• YOUR ASSIGNMENT
Leaving out the pictures, please reproduce exactly and only the lines from the one that contains "on the camera" through the last line below.

• INPUT DATA
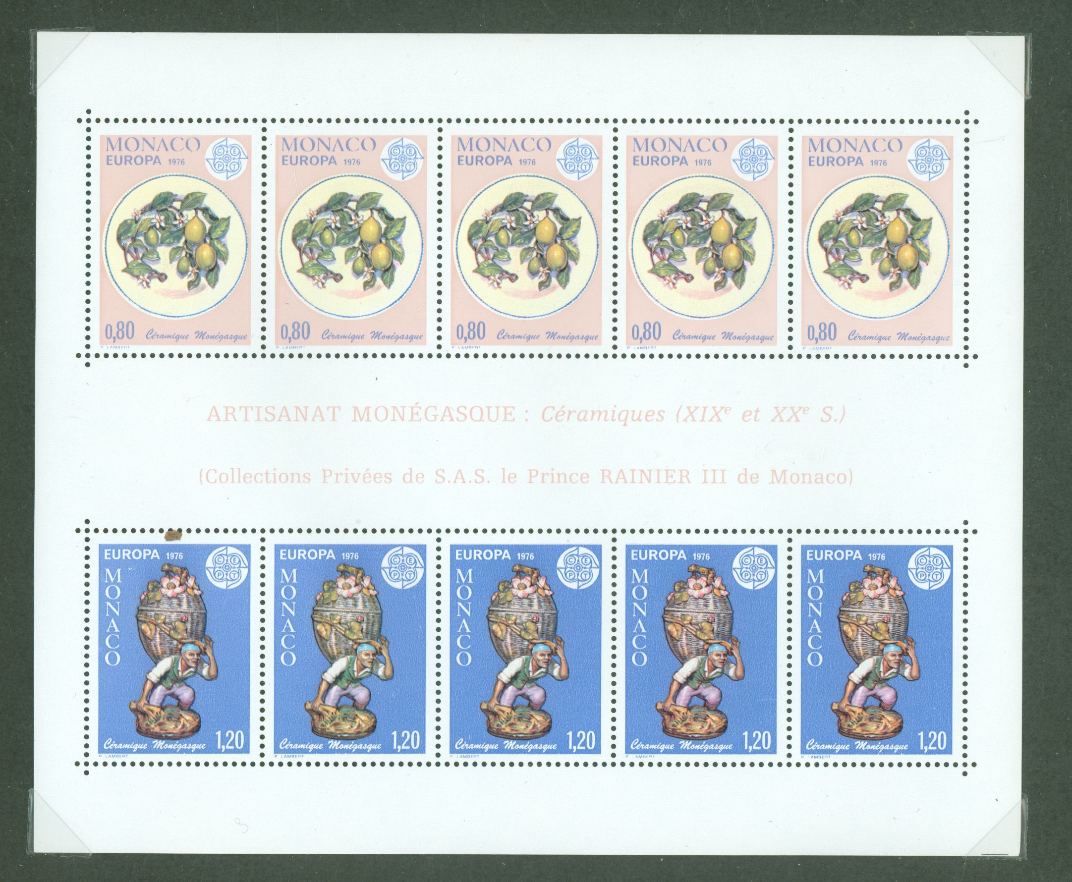 1976 plate with lemon branch the peddler-19th century figurine and CEPT emblem APS Stamp Id: 502065619 APS Seller Id: 709345 Hinge Type: NH
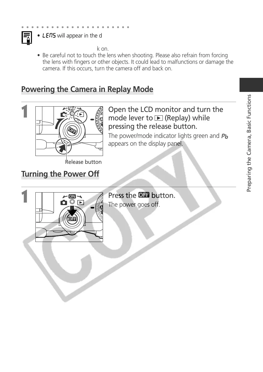 on the camera with the lens cap on. If this occurs, remove the lens cap and turn
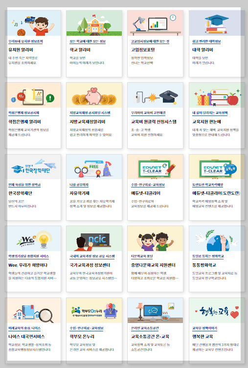 (유치원 알리미/ 학교알리미/ 대학알리미/ 자유학기제/ 에듀넷 티 클리어/ 국가교육과정정보센터 등)

• ANSWER BOX
 on the camera with the lens cap on. If this occurs, remove the lens cap and turn
 (유치원 알리미/ 학교알리미/ 대학알리미/ 자유학기제/ 에듀넷 티 클리어/ 국가교육과정정보센터 등)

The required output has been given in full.